“你……怎么了?”徐苡迟疑了。她记得他没这么脆弱啊,怎么现在一句话不说?
之前他都不给她说话的机会。
难道是她话说的太过分了?把他全部都否定了,他被打击到了?
“也、不是说你做的全都不对。”她又这么解释了句,试图缓和气氛。
但看他仍是一言不发,只是看她,那眼神复杂得让她心里发毛。她忍不住伸出手,在他眼前晃了晃,担忧道,“你还好吗?”
他还好吗?
老实说他不太好。
不过她都问了,那还是说一说吧。
燥热的徐聿岸拉着她手下来,“你看到了,很不好。不过不用管它。”
“徐聿岸你好无聊!我什么都不想和你讲了,放我下去!”
他抓住她要抽回的手,不仅毫不松懈,反而更加用力的握着:“这是对你的生理反应,我控制不了。你说的那些,都不是我们不在一起的理由,你下意识拒绝我,只是因为过去那些糟糕的记忆。可这里面却没有一条是说你不爱我。”苡宝,”他深深望进她的眼睛,“覆水难收。你和我都一样,我们还有很长的时间,我可以去改变,我们去学着接受彼此。以前的事我做错了,也知道错了。当时我该慢慢来,不该那样逼你,应该尊重你的想法才对。现在我们因为缘分再次遇到,你就给我一个机会,看看我有没有改变,好不好?我会尊重你的所有想法,就别辜负了老天给我们俩这次重新开始的机会?”
错?他就是错了千百万件事,但强要徐苡宝,是他人生里最没做错、也绝不后悔的事情!
但他现在是个懂“尊重”的人,徐苡宝就吃虚伪的这一套。没办法,只能哄着她来。
他太了解她了。徐苡宝实际是个非常心软的人,只要他装得够好,软磨硬泡下她肯定会妥协,最后心甘情愿留在他身边一辈子。
徐聿岸见她动摇,便适时地松开了她的手,甚至主动往后撤了半步,拉开一点距离:“你看,我没有对你做什么对不对?你不愿意我绝不会逼你。我们可以像……很正常的情侣那样相处。先从……”
他正想着如何给这个“正常情侣”关系一个具体的、诱人的开端。
徐苡忽然掐了下他手臂,“先送我去医院吧。”
男人看她的脸,姑娘皱着眉,“我牙疼。”
刚到车上,大颗大颗的雨珠落下来,劈里啪啦地砸落在车窗上。雨水朦胧了外面的一切分界线。
霓虹灯的光晕也模糊起来。
徐苡这次的牙疼来得又急又猛,她蜷在副驾驶座上,坐在副驾驶上维持一个僵硬的姿势,难受得一动也不想动。
她闭着眼,试图减缓痛楚。忽然,感觉到身边的男人倾身过来,手臂绕过她的身前,熟悉的气息随之笼罩。接着,腰侧传来“咔哒”一声轻响,接着腰上的安全带被他扣好。

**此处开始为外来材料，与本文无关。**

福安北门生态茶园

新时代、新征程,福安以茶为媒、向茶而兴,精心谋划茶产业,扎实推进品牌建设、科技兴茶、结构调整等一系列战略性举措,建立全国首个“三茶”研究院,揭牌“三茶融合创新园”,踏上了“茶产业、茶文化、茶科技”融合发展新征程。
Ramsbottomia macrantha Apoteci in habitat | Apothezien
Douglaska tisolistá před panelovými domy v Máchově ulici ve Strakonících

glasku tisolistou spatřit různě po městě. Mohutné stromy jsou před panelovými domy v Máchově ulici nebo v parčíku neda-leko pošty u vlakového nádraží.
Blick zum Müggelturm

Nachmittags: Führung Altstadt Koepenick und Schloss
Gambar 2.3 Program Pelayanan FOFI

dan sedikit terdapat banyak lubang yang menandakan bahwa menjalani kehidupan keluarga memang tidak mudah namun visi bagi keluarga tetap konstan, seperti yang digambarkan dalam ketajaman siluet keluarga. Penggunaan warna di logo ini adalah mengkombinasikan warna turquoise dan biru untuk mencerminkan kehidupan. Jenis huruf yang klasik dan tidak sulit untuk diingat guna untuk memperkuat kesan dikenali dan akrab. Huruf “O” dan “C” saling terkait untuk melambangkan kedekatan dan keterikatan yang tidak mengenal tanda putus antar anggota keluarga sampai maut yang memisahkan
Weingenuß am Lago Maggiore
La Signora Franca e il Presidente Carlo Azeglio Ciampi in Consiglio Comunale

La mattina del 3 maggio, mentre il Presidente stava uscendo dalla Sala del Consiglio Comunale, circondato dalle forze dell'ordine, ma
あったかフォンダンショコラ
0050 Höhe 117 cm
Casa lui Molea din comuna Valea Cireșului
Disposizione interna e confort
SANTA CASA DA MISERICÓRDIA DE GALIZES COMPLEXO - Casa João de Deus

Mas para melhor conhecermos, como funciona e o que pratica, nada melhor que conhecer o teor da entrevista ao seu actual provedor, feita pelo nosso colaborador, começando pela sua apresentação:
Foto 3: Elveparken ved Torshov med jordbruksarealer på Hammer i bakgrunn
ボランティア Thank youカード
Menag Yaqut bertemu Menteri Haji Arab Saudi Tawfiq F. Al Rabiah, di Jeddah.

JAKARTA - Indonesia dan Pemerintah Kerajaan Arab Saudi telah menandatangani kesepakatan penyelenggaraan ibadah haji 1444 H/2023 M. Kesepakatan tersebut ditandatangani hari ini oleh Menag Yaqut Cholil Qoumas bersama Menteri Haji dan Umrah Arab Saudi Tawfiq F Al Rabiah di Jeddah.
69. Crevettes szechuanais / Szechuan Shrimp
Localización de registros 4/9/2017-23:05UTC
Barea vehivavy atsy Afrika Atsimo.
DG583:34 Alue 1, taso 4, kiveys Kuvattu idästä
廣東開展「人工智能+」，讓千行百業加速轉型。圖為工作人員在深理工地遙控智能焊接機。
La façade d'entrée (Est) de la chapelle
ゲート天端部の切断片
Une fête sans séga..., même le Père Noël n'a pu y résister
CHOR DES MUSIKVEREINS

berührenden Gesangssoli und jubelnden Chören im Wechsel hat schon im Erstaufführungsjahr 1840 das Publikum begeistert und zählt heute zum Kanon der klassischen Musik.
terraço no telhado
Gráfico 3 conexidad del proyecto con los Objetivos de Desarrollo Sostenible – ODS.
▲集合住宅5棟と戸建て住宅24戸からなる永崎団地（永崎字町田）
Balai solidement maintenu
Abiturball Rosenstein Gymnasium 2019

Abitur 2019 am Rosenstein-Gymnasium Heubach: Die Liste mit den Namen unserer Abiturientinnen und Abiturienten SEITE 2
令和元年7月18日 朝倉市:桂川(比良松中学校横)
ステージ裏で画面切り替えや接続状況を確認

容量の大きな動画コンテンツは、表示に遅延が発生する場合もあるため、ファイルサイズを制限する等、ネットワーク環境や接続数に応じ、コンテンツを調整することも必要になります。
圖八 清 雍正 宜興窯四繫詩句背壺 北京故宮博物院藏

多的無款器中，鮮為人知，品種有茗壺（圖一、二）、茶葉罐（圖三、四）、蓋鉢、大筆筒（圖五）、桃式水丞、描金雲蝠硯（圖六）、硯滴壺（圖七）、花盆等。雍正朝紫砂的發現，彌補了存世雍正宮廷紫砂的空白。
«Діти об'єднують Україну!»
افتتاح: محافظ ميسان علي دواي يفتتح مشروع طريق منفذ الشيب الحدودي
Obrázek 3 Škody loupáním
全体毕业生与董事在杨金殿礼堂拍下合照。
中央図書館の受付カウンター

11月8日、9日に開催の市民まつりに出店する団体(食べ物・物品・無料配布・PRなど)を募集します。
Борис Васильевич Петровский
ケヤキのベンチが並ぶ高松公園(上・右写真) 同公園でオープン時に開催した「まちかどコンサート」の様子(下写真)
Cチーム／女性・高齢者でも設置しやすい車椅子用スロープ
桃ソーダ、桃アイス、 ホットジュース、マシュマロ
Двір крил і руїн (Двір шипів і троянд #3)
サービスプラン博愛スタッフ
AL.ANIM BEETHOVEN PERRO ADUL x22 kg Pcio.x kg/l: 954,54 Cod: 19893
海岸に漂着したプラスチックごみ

这样的距离和姿势气氛一下变得暧昧起来,让徐苡想起二人的第一次,也是在车里,也是这样仿佛要吞噬一切的暴雨。
男人磨砺的掌心,轻轻摩挲在她脸颊。
徐苡觉得脸颊更烫了,不清是智齿发炎引起的高热,还是他手掌的温度太过灼人。
她想偏头躲开,却被他手指稳稳攥住下颌,继而他的整个手掌近乎是包裹般地托住了她的半张脸。
不只是脸颊。
在他掌心贴上来的那一刻,徐苡闭上眼,身体的温度也骤然升高。像是在她心底那片没烧尽的火,再次连绵起来,燎遍四肢百骸。
徐聿岸一直没有说话,她忍不住睁开了眼睛。
他亦沉默地看着她。
不只是徐苡,徐聿岸也想去来那个彻底改变两人关系的暴雨夜。
“苡宝,”他的声音比窗外的暴雨声更清晰,黑漆的眸子里映着她的身影,“还爱不爱我?”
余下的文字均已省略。